What are you going to do with your Ph.D. in statistics?

Rachel and Tyler write:

The Columbia statistics graduate students are excited to announce a Symposium on Careers for PhD’s in Statistics on April 4, 2008. In an effort to broaden our exposure to the various possibilities that our distinguished fields affords, we are inviting leaders from academia and industry for a frank discussion of the careers and lifestyles of statisticians.

Current confirmed speakers include industry statisticians at Google, AT&T Labs-Research, National Institutes of Health, and Pfizer, Inc and academic statisticians from statistics, marketing, and biostatistics departments at Columbia University, University of Pennsylvania and Rutgers University.

The Symposium will be held at Columbia University in New York on April 4, 2008 from 1-5pm. A wine and hors d’oeuvre reception will follow so that there will be ample time to chat informally with our guests, and a student mixer after that is also in the works.

We hope that you’ll be able to join us for this exciting event. The conference is free and we will happily reimburse travel expenses (up to $40) to and from Columbia to all students who register for the symposium on our website.

This is something of a followup on our statistical consulting mini-symposium.

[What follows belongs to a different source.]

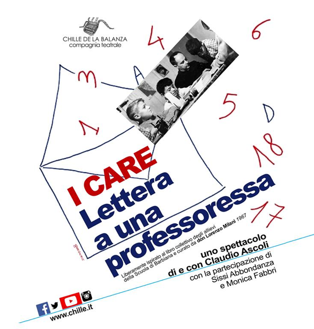 Domenica 28 Maggio alle ore 21.30, presso la sede della compagnia teatrale "Chille de la Balanza" (a San Salvi città aperta - Via di San Salvi n.12 padiglione 16), si terrà lo spettacolo "I CARE. Lettera a una professoressa"; uno spettacolo che è anche anteprima del Festival "I CARE. DON MILANI 100", progetto speciale dell'Estate Fiorentina 2023, che si svolgerà dal 2 giugno al 15 agosto in occasione del centenario dalla nascita di Don Milani.
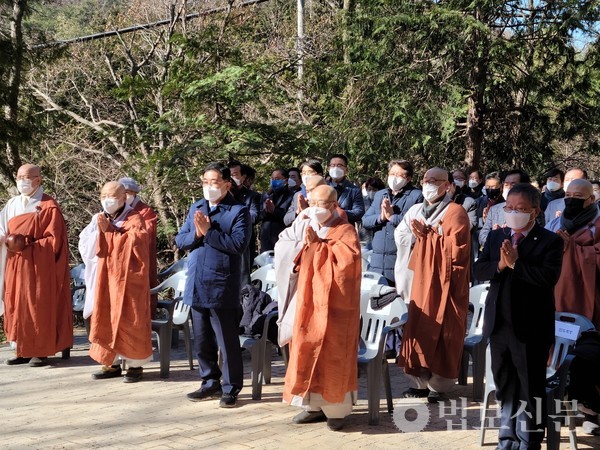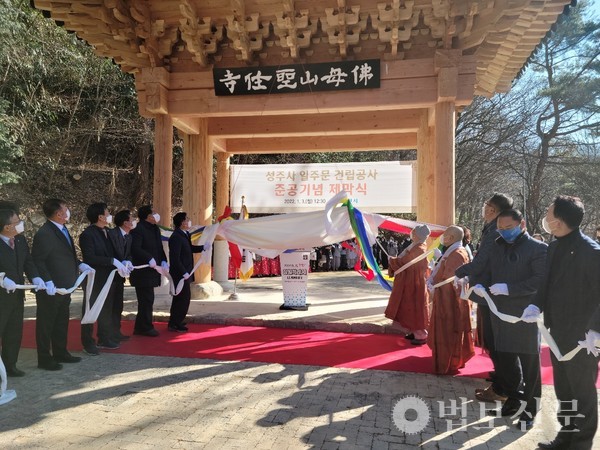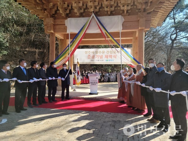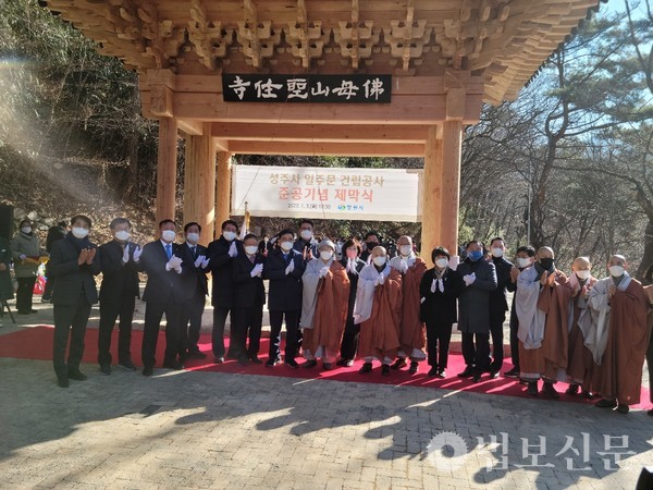 성주사(주지 법안 스님)는 1월3일 사찰 입구에서 ‘성주사 일주문 준공기념 제막식’을 봉행했다. 이 자리에는 성주사 주지 법안 스님을 비롯한 사중 스님들과 허성무 창원시장, 심상동 경남도의회 운영위원장, 정숙이 창원시 문화유산육성과장을 비롯한 창원시 관계자, 김이순 성주사 신도회장 등 신도들이 동참했다.

3 thoughts on “What are you going to do with your Ph.D. in statistics?

  1. A relevant cartoon?

    Long ago, I attended a less focused PhD career seminar at Michigan. This was of great value in figuring out simple networking strategies, thinking through what I would / would not accept, finding out where the heck to start, etc.

    As of March 1, I've been on the applied side 30 years. For a few reflections that may (or may not) be relevant, see http://mikekr.blogspot.com/2008/03/30-years-in-ma

  2. I'm curious… any idea what percentage of new PhDs want academic positions and what percentage get them? Also, how many people only want top research academic positions and would take an industry job over a more teaching focused academic job (like at a liberal arts college)?

  3. Just a heads up, that page has an unclosed comment tag in the stylesheet section that prevents it from rendering on at least some browsers (since the entire page has been commented out!).

    wrt to Brent's question: I thought I wanted an academic job, but I'm in industry now and I'm pretty happy so far. I mean, how can you not be amused by using statistics to, literally, fight crime?